> [Exercise details]: Retype exactly the lines of the material below, from the one containing "Un audace motivo" through the last, with both ends kept.

> [Recorded data]:
———

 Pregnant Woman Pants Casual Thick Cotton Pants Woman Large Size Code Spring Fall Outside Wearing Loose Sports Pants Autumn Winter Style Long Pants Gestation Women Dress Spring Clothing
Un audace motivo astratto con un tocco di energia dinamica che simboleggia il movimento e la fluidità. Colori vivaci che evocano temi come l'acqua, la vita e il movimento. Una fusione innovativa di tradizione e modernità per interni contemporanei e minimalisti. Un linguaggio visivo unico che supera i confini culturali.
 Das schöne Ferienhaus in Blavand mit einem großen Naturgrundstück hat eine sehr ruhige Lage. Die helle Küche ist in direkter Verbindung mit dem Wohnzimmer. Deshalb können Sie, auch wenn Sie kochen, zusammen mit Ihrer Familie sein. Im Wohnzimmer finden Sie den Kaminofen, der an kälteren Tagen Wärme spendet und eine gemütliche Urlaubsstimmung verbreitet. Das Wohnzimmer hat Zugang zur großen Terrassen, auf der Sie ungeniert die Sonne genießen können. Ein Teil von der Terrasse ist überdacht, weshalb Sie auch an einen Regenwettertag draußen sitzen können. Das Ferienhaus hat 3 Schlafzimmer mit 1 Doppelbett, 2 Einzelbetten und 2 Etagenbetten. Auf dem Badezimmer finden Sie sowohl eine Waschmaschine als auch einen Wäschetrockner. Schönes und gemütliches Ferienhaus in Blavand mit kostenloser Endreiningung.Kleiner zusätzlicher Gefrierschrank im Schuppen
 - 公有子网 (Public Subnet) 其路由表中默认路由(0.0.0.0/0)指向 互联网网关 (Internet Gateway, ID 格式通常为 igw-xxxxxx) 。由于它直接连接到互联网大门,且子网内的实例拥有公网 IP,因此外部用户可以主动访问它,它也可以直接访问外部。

———

> [Solved exercise]:
Un audace motivo astratto con un tocco di energia dinamica che simboleggia il movimento e la fluidità. Colori vivaci che evocano temi come l'acqua, la vita e il movimento. Una fusione innovativa di tradizione e modernità per interni contemporanei e minimalisti. Un linguaggio visivo unico che supera i confini culturali.
 Das schöne Ferienhaus in Blavand mit einem großen Naturgrundstück hat eine sehr ruhige Lage. Die helle Küche ist in direkter Verbindung mit dem Wohnzimmer. Deshalb können Sie, auch wenn Sie kochen, zusammen mit Ihrer Familie sein. Im Wohnzimmer finden Sie den Kaminofen, der an kälteren Tagen Wärme spendet und eine gemütliche Urlaubsstimmung verbreitet. Das Wohnzimmer hat Zugang zur großen Terrassen, auf der Sie ungeniert die Sonne genießen können. Ein Teil von der Terrasse ist überdacht, weshalb Sie auch an einen Regenwettertag draußen sitzen können. Das Ferienhaus hat 3 Schlafzimmer mit 1 Doppelbett, 2 Einzelbetten und 2 Etagenbetten. Auf dem Badezimmer finden Sie sowohl eine Waschmaschine als auch einen Wäschetrockner. Schönes und gemütliches Ferienhaus in Blavand mit kostenloser Endreiningung.Kleiner zusätzlicher Gefrierschrank im Schuppen
 - 公有子网 (Public Subnet) 其路由表中默认路由(0.0.0.0/0)指向 互联网网关 (Internet Gateway, ID 格式通常为 igw-xxxxxx) 。由于它直接连接到互联网大门,且子网内的实例拥有公网 IP,因此外部用户可以主动访问它,它也可以直接访问外部。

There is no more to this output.